[Stored items]
== == ==
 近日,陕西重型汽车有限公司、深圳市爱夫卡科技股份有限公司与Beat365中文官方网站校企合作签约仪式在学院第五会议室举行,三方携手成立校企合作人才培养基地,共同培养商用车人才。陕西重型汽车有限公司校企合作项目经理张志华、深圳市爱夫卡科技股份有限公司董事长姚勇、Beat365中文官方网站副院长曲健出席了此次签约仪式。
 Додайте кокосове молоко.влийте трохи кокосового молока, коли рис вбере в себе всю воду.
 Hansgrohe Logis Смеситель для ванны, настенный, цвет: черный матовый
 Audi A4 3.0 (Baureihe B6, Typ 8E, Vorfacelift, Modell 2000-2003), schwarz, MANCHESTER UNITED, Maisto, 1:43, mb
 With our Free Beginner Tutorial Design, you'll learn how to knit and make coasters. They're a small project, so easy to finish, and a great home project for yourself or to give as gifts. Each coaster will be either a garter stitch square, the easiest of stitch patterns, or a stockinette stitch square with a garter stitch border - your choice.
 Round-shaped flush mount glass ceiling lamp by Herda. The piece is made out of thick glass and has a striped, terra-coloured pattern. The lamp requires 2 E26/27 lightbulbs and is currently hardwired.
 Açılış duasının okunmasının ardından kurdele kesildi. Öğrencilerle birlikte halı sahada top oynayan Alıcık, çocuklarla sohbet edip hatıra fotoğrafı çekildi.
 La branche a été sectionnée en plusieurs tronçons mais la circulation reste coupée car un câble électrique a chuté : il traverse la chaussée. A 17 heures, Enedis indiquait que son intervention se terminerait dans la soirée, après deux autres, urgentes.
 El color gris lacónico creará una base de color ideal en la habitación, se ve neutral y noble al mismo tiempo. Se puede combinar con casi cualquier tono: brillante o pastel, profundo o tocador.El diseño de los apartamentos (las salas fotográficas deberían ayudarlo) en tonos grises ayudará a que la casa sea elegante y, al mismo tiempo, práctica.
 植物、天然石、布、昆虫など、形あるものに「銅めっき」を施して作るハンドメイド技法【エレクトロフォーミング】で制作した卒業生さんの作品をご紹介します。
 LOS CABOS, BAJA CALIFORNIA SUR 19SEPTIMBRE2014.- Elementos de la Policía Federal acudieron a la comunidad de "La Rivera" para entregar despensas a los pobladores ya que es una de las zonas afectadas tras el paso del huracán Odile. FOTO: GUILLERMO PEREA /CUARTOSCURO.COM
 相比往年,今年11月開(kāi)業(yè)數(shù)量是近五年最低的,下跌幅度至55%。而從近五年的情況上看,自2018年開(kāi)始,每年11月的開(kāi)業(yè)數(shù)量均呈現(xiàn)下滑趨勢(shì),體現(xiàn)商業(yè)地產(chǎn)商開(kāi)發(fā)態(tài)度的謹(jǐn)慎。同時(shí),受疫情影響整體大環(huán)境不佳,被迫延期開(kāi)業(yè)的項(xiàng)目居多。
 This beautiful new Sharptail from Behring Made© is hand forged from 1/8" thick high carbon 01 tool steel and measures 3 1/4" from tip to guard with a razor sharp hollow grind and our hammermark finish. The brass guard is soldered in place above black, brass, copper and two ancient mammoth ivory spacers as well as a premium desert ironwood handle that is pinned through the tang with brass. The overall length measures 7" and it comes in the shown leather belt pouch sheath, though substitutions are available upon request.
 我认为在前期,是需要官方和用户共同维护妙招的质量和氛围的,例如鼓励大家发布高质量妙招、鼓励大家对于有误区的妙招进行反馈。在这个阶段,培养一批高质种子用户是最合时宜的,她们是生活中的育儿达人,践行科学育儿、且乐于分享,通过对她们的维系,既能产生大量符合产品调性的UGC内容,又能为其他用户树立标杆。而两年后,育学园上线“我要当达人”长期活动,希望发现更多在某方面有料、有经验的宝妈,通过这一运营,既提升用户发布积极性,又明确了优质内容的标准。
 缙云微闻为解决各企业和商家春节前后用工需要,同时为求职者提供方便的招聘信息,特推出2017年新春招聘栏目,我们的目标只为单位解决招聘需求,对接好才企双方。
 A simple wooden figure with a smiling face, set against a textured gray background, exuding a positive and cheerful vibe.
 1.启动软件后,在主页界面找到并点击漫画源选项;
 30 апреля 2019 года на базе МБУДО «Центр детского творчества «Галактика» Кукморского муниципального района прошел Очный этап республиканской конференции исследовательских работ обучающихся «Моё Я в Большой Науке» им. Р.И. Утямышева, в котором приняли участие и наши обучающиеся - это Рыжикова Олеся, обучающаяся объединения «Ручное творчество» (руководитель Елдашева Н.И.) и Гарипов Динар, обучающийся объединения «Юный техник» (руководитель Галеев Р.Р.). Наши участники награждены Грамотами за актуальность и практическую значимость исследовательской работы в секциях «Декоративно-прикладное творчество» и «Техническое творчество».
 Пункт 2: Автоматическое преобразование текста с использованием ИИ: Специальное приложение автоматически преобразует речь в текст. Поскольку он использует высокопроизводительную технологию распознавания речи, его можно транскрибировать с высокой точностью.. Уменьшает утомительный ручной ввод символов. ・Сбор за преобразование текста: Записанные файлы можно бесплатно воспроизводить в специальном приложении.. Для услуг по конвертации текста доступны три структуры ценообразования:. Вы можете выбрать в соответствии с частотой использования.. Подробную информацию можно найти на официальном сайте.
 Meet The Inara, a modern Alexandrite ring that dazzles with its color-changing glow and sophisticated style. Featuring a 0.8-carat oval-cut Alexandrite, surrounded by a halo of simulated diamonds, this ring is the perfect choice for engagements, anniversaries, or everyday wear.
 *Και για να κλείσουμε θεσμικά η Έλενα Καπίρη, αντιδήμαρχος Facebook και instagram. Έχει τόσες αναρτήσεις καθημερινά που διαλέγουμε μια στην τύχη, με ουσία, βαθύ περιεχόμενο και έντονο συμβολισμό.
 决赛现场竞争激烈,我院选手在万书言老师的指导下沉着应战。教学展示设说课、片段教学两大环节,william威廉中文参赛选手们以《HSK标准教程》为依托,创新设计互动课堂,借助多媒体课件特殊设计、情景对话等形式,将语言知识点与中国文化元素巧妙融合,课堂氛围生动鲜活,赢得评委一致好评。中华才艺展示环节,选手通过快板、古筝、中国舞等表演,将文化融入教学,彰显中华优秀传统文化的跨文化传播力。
== == ==
- Problem statement: Give the number of lines in the data that include the string "thick", please, and nothing else.

- Written response: 2